[Data]
━━━━
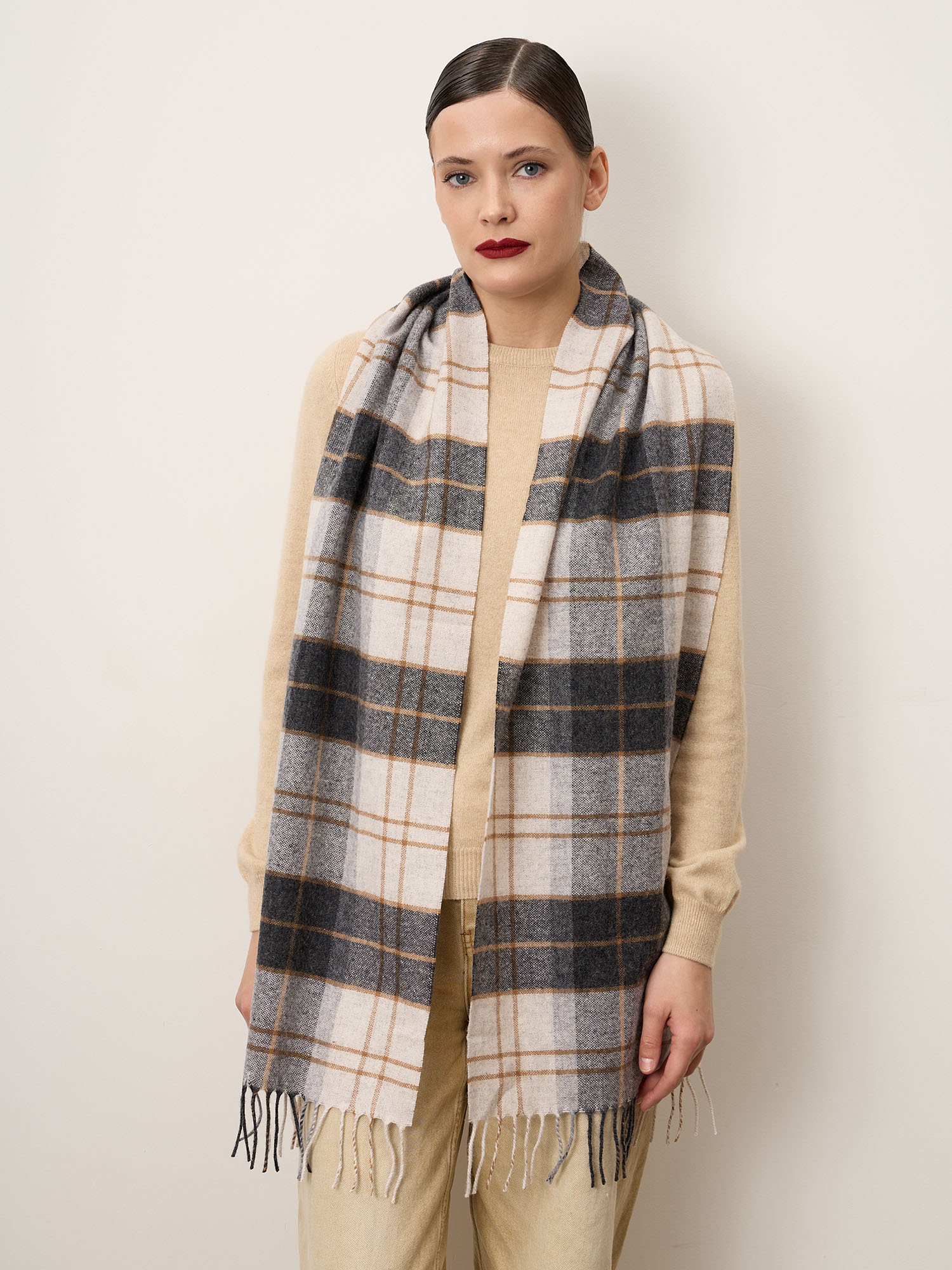 Классический прямоугольный формат позволяет носить шарф различными способами. Традиционный клетчатый узор придаёт изделию стильный характер, а аккуратная бахрома по краям добавляет лёгкий декоративный акцент. Модель легко сочетается с верхней одеждой и трикотажем.
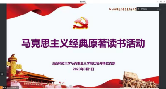 2023年3月1日晚,“红色先锋”党支部正式启动“马克思主义经典原著”读书活动,支部全体党员参加。
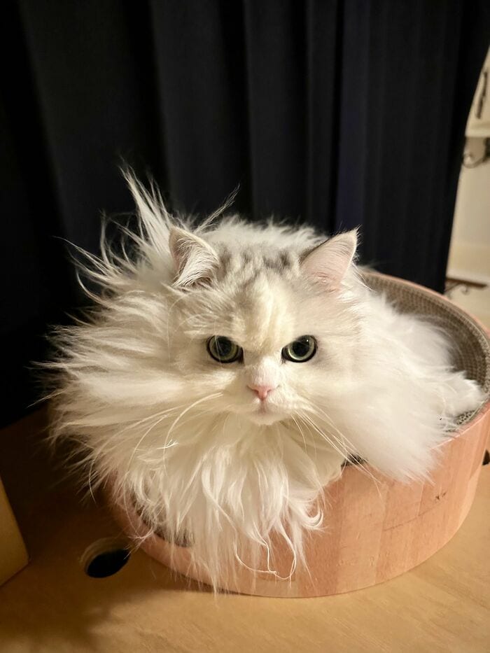 そんなノーマンくんと一緒に暮らしているのは、5歳のラガマフィン・エマちゃん。こちらも茶色くて長い毛がとっても優雅ですが、実はお転婆娘。
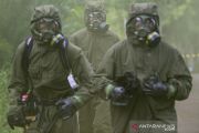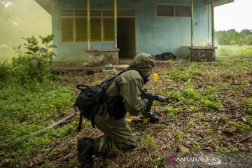 Prajurit TNI AD dari satuan Zeni Demosili memeriksa lokasi ledakan gas beracun saat Latihan Antar Kecabangan TNI AD Kartika Yudha Tahun 2020 di Desa Sepancar, Lawan Kulon, Baturaja Timur, Ogan Komering Ulu (OKU), Sumatera Selatan, Senin (23/11/2020). ANTARA FOTO/Nova Wahyudi/pras.
━━━━
What is wanted is the listing, written out exactly, with each picture removed.

[Answer to the problem]
 Классический прямоугольный формат позволяет носить шарф различными способами. Традиционный клетчатый узор придаёт изделию стильный характер, а аккуратная бахрома по краям добавляет лёгкий декоративный акцент. Модель легко сочетается с верхней одеждой и трикотажем.
 2023年3月1日晚,“红色先锋”党支部正式启动“马克思主义经典原著”读书活动,支部全体党员参加。
 そんなノーマンくんと一緒に暮らしているのは、5歳のラガマフィン・エマちゃん。こちらも茶色くて長い毛がとっても優雅ですが、実はお転婆娘。
 Prajurit TNI AD dari satuan Zeni Demosili memeriksa lokasi ledakan gas beracun saat Latihan Antar Kecabangan TNI AD Kartika Yudha Tahun 2020 di Desa Sepancar, Lawan Kulon, Baturaja Timur, Ogan Komering Ulu (OKU), Sumatera Selatan, Senin (23/11/2020). ANTARA FOTO/Nova Wahyudi/pras.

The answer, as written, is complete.